Toxic factor identification uses machine learning to isolate specific variables, such as software versions, hardware types, or specific interfaces, that are disproportionately associated with network failures. The system compares telemetry data to past events to find toxic elements. Although these elements may appear normal by themselves, they are statistically linked to instability.

The AI assistant categorizes these factors by their Toxicity and Relative toxicity.

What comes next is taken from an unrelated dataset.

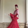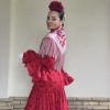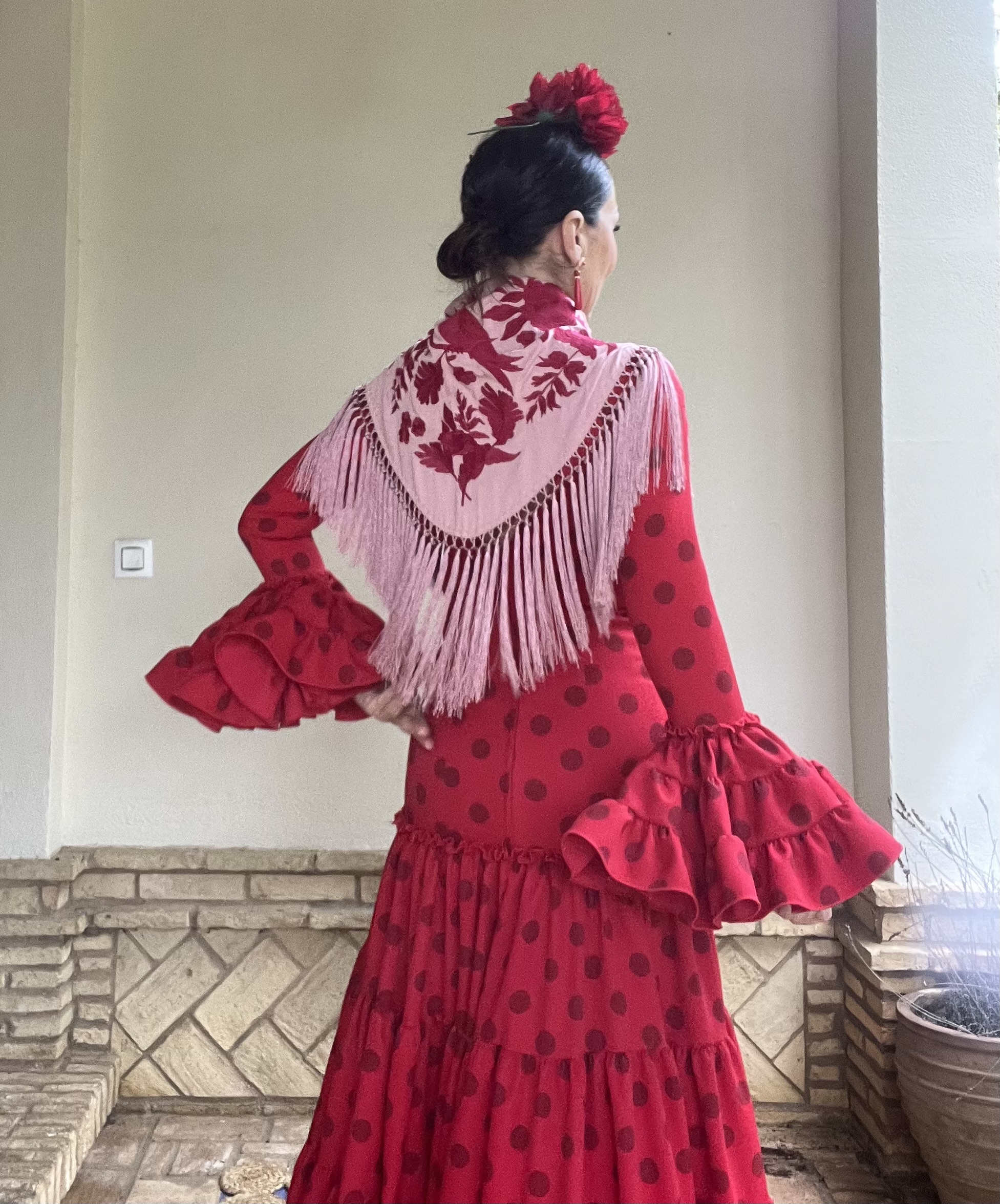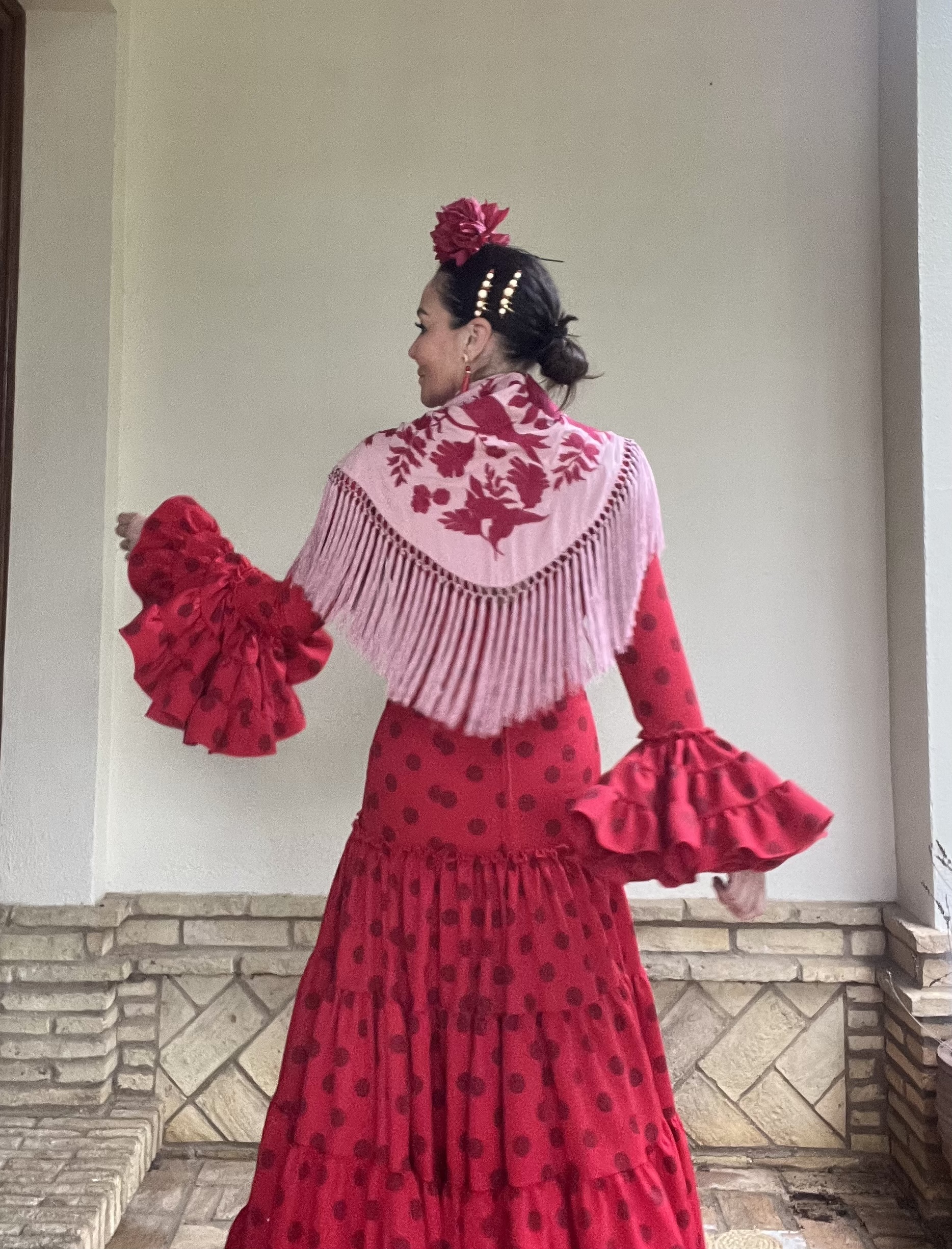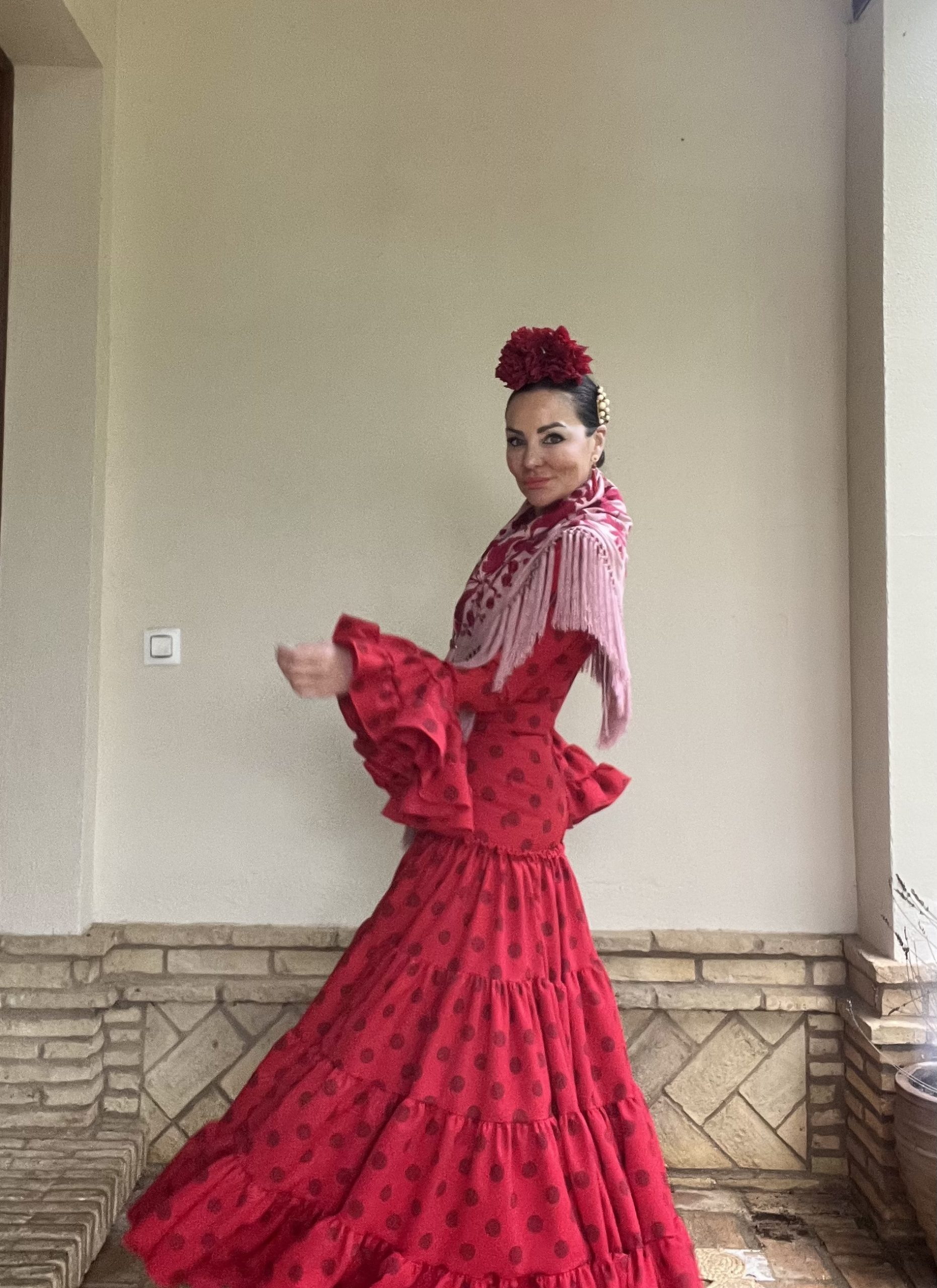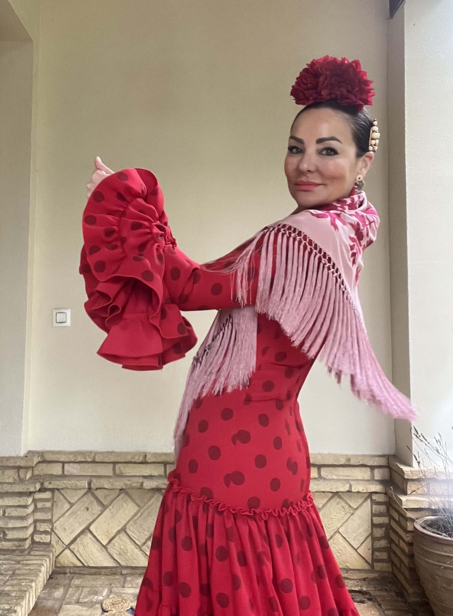 Traje de flamenca canastero de talle alto, fabricado en Sevilla, diseñado para adaptarse al cuerpo como un guante y favorecer a todas las mujeres. Su tejido bielástico proporciona un ajuste cómodo y estilizado, realzando la figura de forma natural.

This allows operations teams to address the conditions or configurations that create the highest network risk, not just symptoms.

Figure 14. Toxic factor identification results
Table 3. Toxic factor metric definitions and severity classifications

Metric

Severity level

Definition or Condition

Relative toxicity

N/A

Captures how much a factor is present in the events of interest as compared to its footprint in the inventory

Toxicity

Low

Factors with low frequency and low relative toxicity

Moderate

Factors with high frequency and low relative toxicity, or factors with low frequency and high relative toxicity

Major

Factors with high frequency and high relative toxicity

Note

You can set toxicity thresholds in the toxic factor detection agent settings.
Software version toxicity analysis

In the illustration, the software version 25.4.1-iso is identified as a Major toxic factor.

Relative toxicity measures how much a factor appears in key events compared to how often it is found in your inventory. Here, the software version is installed on just 15.6% of the network, but it is linked to all recorded failures (100%).

This disproportionate representation results in a relative toxicity score of 7.92. Because the factor occurs in all events and has high relative toxicity, the AI assistant marks it Major toxicity. This identifies the software version as a main cause of network instability.